LONDON — Tuesday’s Global Disability Summit in London yielded 170 commitments to increase disability inclusion and tackle stigma in lower-income countries, according to the United Kingdom government, from financial pledges, to in-kind devices and technology, to new or amended action plans and charters. But some worried that parts of the disability community were left out, while others described a disconnect between large humanitarian agencies and specialist disability-focused organizations.
Hosted by the U.K. Department for International Development, the Kenyan government and the International Disability Alliance, the summit marked the first time the humanitarian and development sectors have come together formally to plan action on making aid more inclusive of people with disabilities. More than 800 delegates from government, civil society, and the private sector attended to discuss four themes: Addressing stigma; supporting inclusive education; economic empowerment; and technology and providing better access to devices.

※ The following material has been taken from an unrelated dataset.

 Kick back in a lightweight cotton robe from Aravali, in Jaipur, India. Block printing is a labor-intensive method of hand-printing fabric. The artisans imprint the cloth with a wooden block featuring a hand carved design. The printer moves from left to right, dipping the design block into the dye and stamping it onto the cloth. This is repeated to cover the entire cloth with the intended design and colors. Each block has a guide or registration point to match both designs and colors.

“We have a good example of what works: We’ve been doing this for many years on gender, and we’re applying the same principles to disability,” Penny Mordaunt, secretary of state for international development, told Devex on the sidelines of the event.
“Later this year, we’re going to be announcing a more structured framework as to how we take this forward with all of our work and all of our funding,” she said, adding “it’s about having that framework so it’s absolutely embedded in everything we do, just like we did with women and girls.”

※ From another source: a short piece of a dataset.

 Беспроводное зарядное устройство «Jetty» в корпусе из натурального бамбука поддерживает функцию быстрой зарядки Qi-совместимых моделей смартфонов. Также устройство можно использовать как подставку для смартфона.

On top of the new framework and other commitments, DFID also launched the Charter for Change, an action plan for implementing the United Nations Convention on the Rights of Persons with Disabilities, which was signed in 2006 but only saw renewed enthusiasm from donors a decade later.
“One of the biggest challenges is that there are very few role models, very few good [practices] for people to learn from, and you have to have people with disabilities actually in the spotlight to actually demonstrate the capacities, the decision making, the lived experience,” Kirsty Smith, chief executive of disability charity CBM UK, told Devex. “While they aren’t there, you can continue to think of people with disabilities as ‘the other,’ and I think that’s where they have stayed.”